Now even some capitalists who otherwise support DeSantis and the state's GOP-controlled House and Senate are beginning to speak out about how the law is likely to hurt their bottom lines.
As The Tallahassee Democrat reported Tuesday:
“In his packing plant, Graves Williams, a lifelong Republican, proudly explained the skill, labor, and manpower needed to provide tomatoes across North America, a feat that he says wouldn't be possible without immigrant laborers.
"We all love them to death," said Williams, whose family has been farming tomatoes for decades. "We couldn't run a business without them."”
Williams, the owner of Quincy Tomato Company, may soon be forced to try. Following right-wing lawmakers' passage of Senate Bill 1718, thousands of working-class immigrants, including many who are residing lawfully in the U.S., have opted to leave Florida.

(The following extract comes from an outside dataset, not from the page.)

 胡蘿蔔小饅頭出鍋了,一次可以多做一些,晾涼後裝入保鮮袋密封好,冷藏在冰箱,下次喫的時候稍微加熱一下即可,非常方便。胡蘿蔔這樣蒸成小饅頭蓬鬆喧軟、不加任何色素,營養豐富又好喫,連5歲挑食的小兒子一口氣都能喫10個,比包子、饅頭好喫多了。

The new law places harsh restrictions on undocumented immigrants. Among other things, it also requires the "repayment of certain economic development incentives" if the state, which plans to conduct random audits of businesses, "finds or is notified that an employer has knowingly employed" an undocumented immigrant without verifying their employment eligibility.
At the bill signing ceremony on May 10, DeSantis, who is now campaigning for the 2024 GOP presidential nomination, slammed President Joe Biden's ostensibly lax immigration policies, saying: "We have to stop this nonsense, this is not good for our country... this is no way to run a government."

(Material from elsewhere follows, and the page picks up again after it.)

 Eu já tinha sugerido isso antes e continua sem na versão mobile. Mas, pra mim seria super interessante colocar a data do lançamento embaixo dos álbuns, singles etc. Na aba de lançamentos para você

Data released earlier this month showed that unauthorized crossings of the U.S.-Mexico border fell sharply after the Biden administration imposed new asylum restrictions that went into effect when Title 42 ended on May 11. Undermining DeSantis' dubious accusation of inaction at the border, immigrant rights groups have condemned Biden's crackdown on asylum-seekers, saying the president's new ban deepens the bipartisan abandonment of international human rights law set in motion by the Trump administration.
Meanwhile, in Florida, DeSantis' xenophobic approach has sparked fears that "a labor shortage will leave crops unpicked, tourist hotels short of staff, and construction sites idle," The Tallahassee Democrat noted.
Notably, concerns are emanating from some Republican proprietors.
"How can one man pass one law and destroy all these businesses in Florida?" asked Williams.
"It's almost like he's doing it on purpose," Williams said. "I know he's doing it for politics, but the end results, it's going to be hard."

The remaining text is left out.